Is CRISPR the key to finding a cure for HIV?

Can CRISPR be used to tread HIV?

Just a few decades ago, a diagnosis of human immunodeficiency virus (HIV) meant a death sentence. Today, thanks to the development of antiretroviral (ARV) drugs, most people can manage their HIV symptoms and live long lives. Sadly, despite additional advancements in medical science, there is still no cure for HIV or acquired immunodeficiency syndrome (AIDS).

Recently, scientists and experts in the field of virology gathered for the 2019 Conference on Retroviruses and Opportunistic Infection (CROI). The most notable presentations at this year’s CROI involved the treatment of HIV.

However, one new treatment breakthrough was met with controversy because it involves the use of clustered regularly interspaced short palindromic repeat (CRISPR) gene editing.

Repliclones May Be the Key

For years, scientists have struggled with the fact that antiviral therapy is ineffective for around 10 percent of HIV patients. When ARV drugs don’t work, frustration mounts. Doctors order extra tests, change regiments, and unintentionally create new side effects for their patients.

At CROI 2019, University of Philadelphia scientists presented a study attributing this phenomenon to repliclones, replicating cells that conceal the HIV genome within themselves. Because repliclones don’t respond to standard antiviral therapy, some patients using ARV drugs don’t experience a decrease in viral load. Researchers hope this new discovery can provide peace of mind for doctors and patients regarding the strange phenomenon.

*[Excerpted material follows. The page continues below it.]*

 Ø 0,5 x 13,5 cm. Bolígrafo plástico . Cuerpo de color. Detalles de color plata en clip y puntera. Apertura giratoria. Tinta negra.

However, retrovirus specialists hope this breakthrough leads to more than just greater understanding. According to George Pavlakis, a retrovirologist at the National Cancer Institute, the repliclones discovery may lead to an HIV cure using gene editing. “It’s a science fiction idea that one day may be possible.”

Gene Editing Cures Monkey HIV

In a recent medical trial, Temple University neurovirologist Tricia Burdo and her team used CRISPR to effectively cure a group of simian immunodeficiency virus (SIV) positive monkeys.

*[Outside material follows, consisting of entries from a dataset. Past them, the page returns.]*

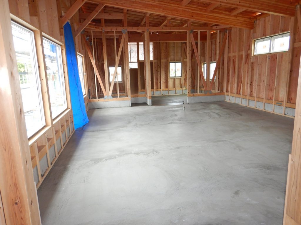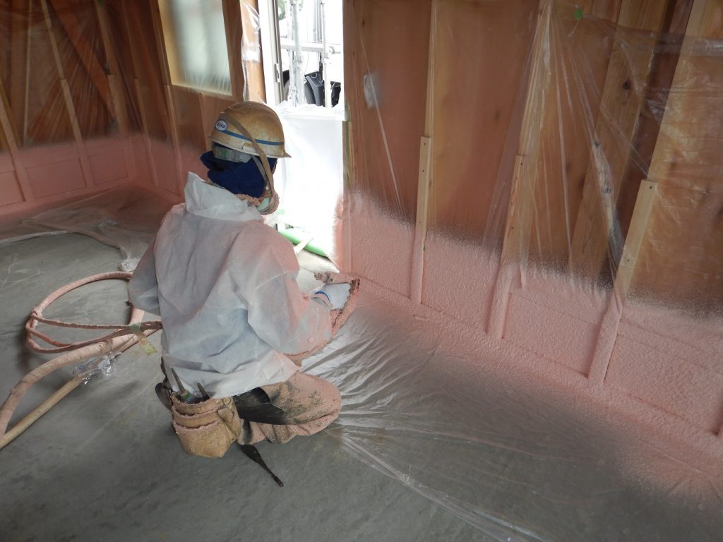 床の養生期間を経て、本日、腰壁部分の現場発泡ウレタン吹き付けを完了致しました。
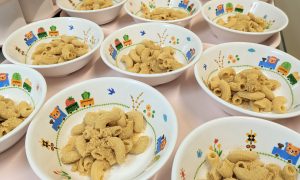 (写真は離乳食後期です。年齢によって形、固さ、盛り付け量を変えて、提供しています。)
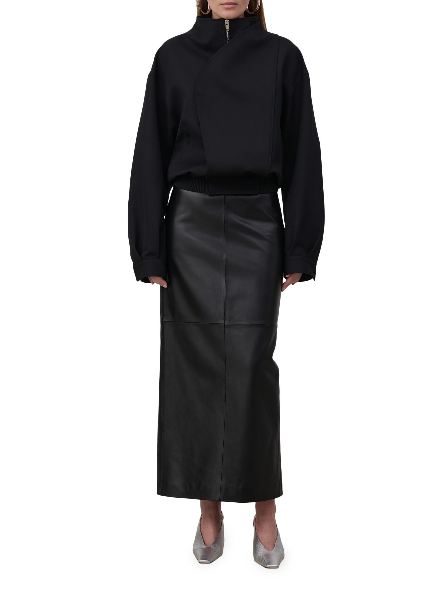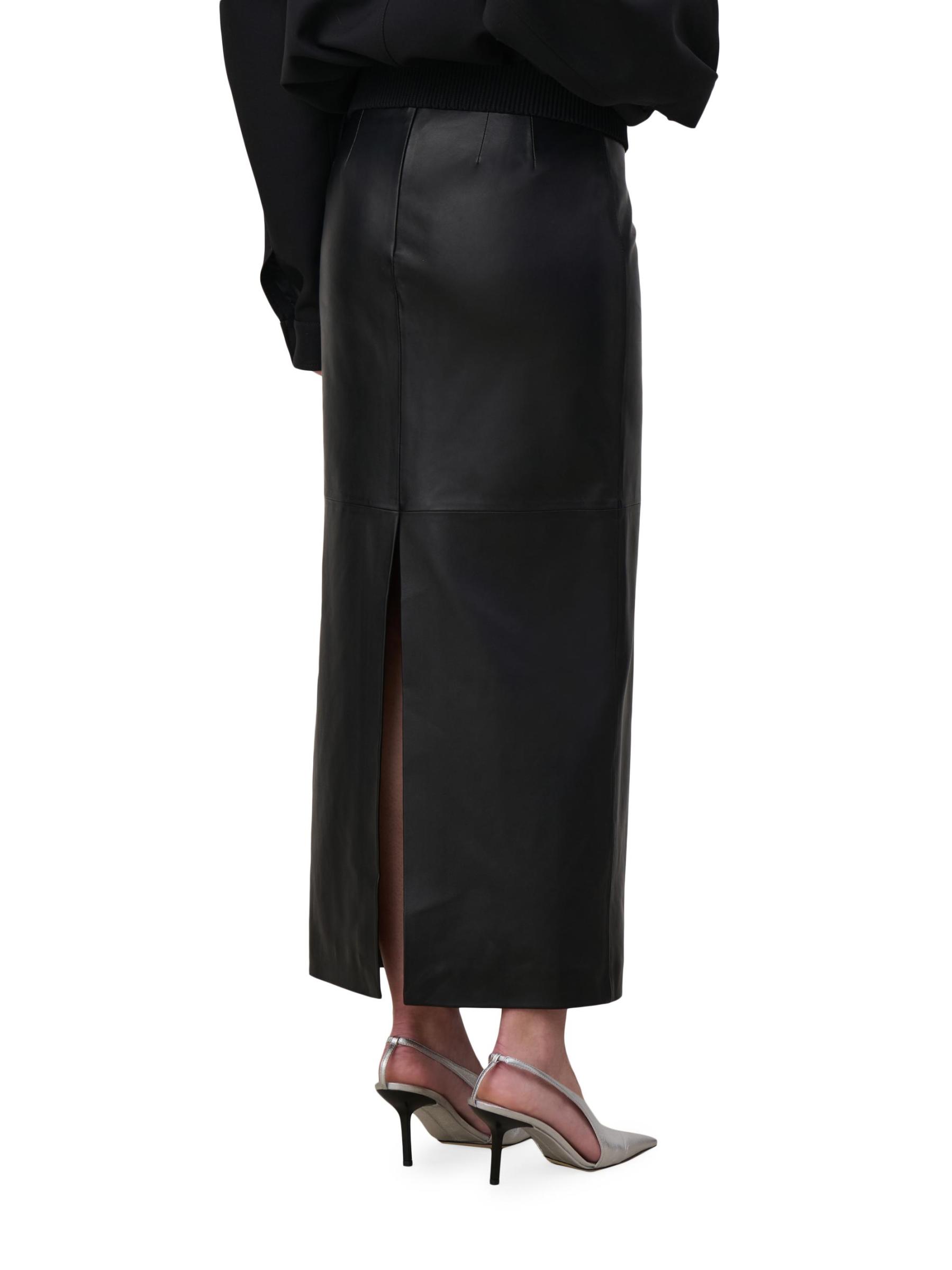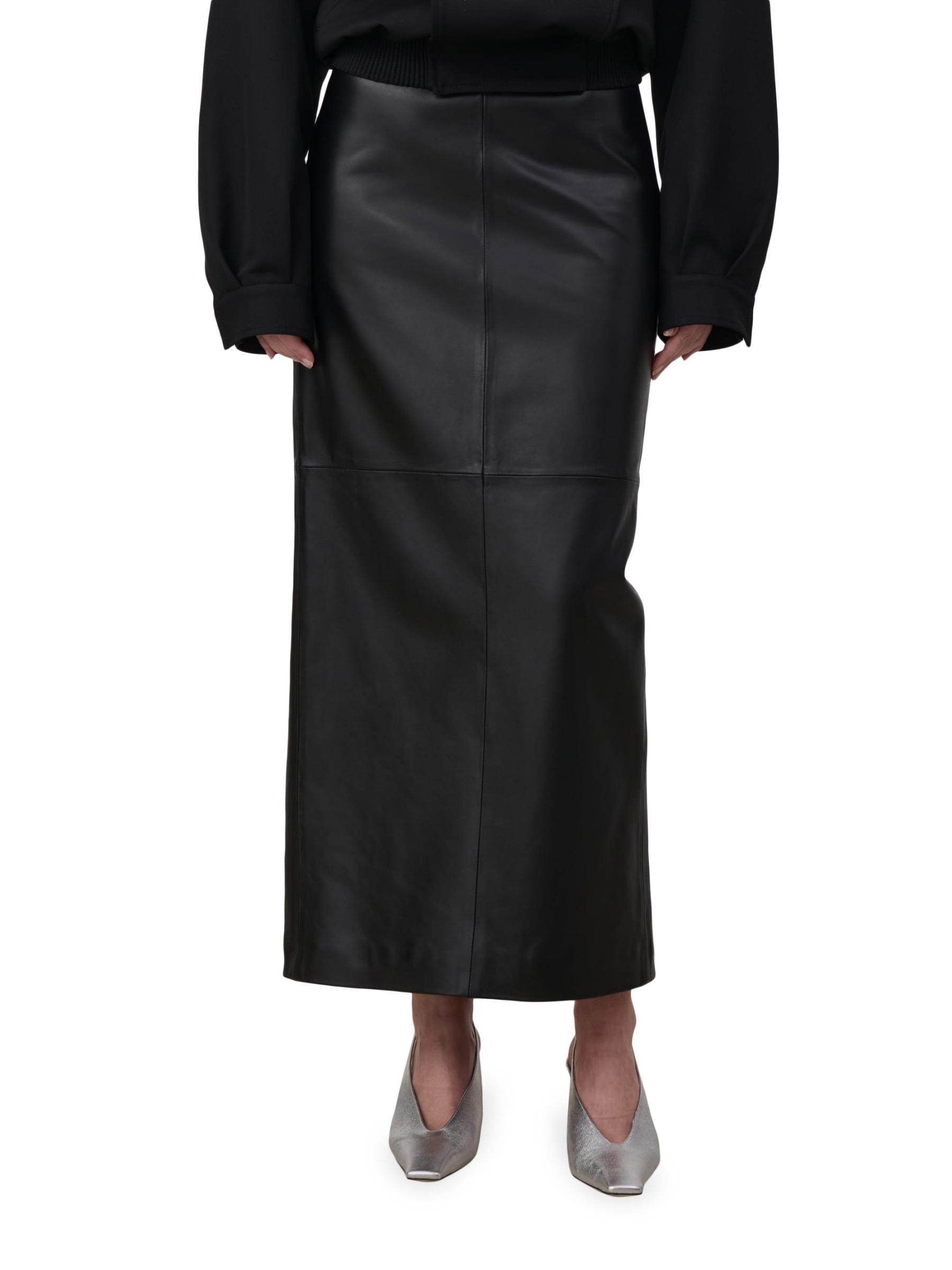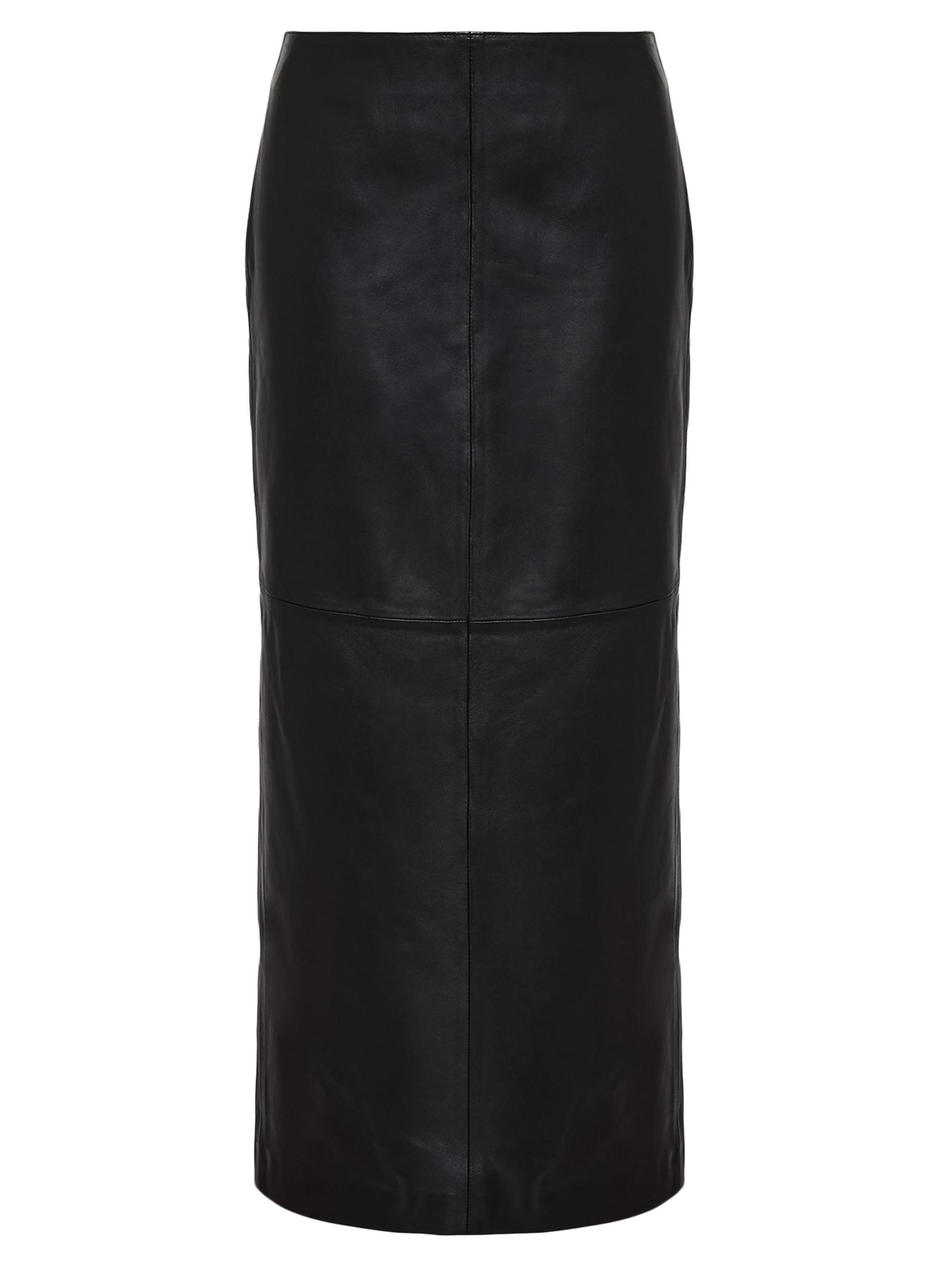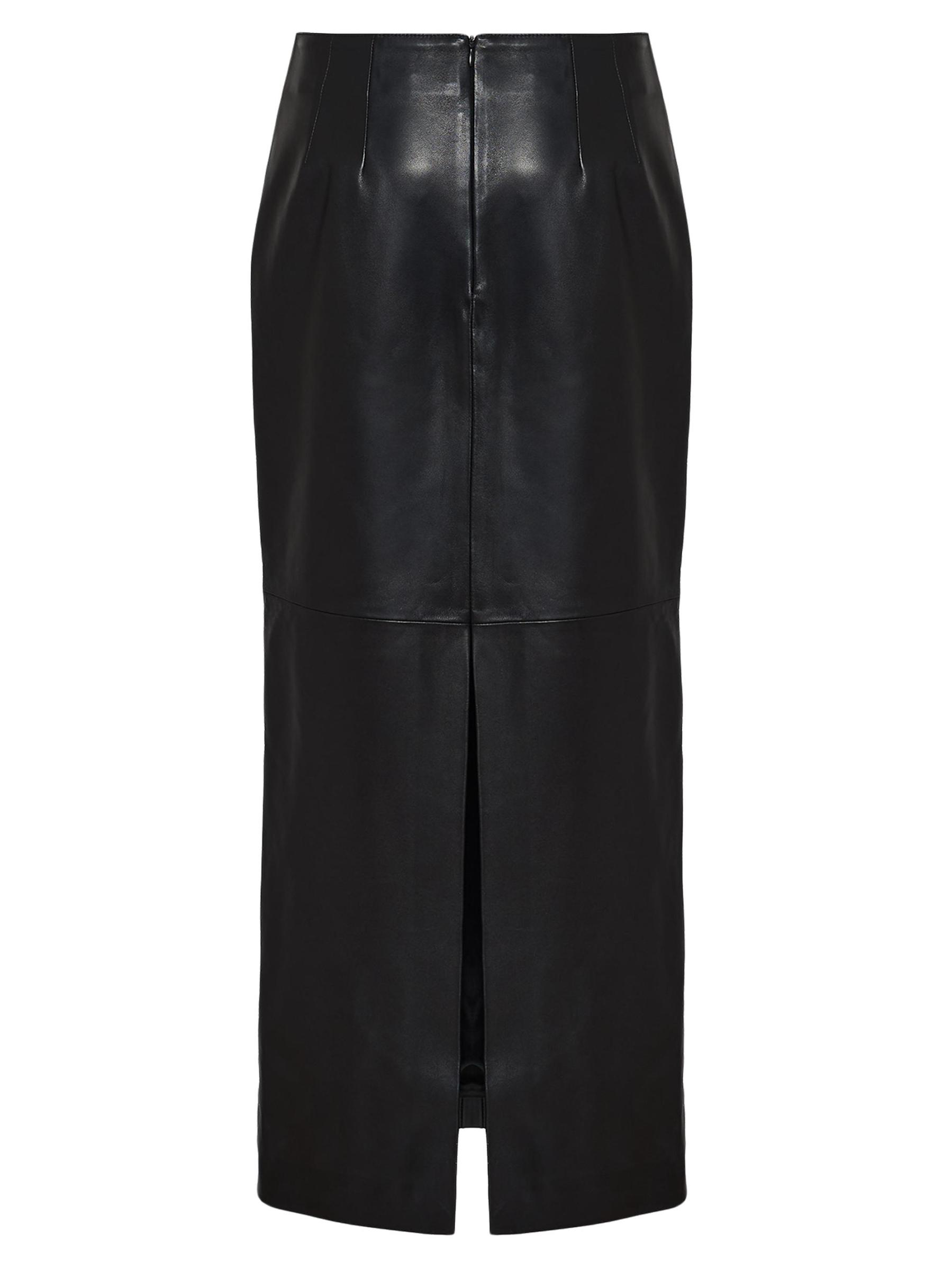 Crafted of Italian nappa leather, Armarium's sleek Jackie midi-skirt features a pencil silhouette, front seam detailing, and a back slit.

First, the researchers engineered a viral shell capable of seeking out SIV-infected gene sequences. Then, they paired it with a CRISPR enzyme capable editing SIV out of healthy tissue and injected the mixture into the monkeys’ bloodstream. Following the treatments, the team detected no SIV virus in the blood of the test subjects who received CRISPR treatment.

Additionally, the Temple University team discovered CRISPR protein in 14 tissue samples, proving the enzyme spread throughout the monkeys’ entire bodies.

CRISPR May Not Be Ready for Human Testing

Despite the results of the Temple University study, some experts believe current gene editing technology may not be up to par. Dr. Pavlakis argues that the risk of CRISPR enzymes making cuts in the wrong cells is simply too high. Especially since scientists have a hard time directing fabricated enzymes to attack infected cells. “CRISPR right now is not there,” stated Pavlakis.

Even so, Philadelphia biotech company Excision BioTherapeutics is seeking approval to launch clinical trials of CRISPR treatment in humans by the end of 2019.

While the technology may not be at the necessary level yet, this research is promising. For the sake of the 36.9 million people living with HIV, every potential treatment must be explored. Considering the success of CRISPR so far, a cure for HIV and AIDS seems closer than ever.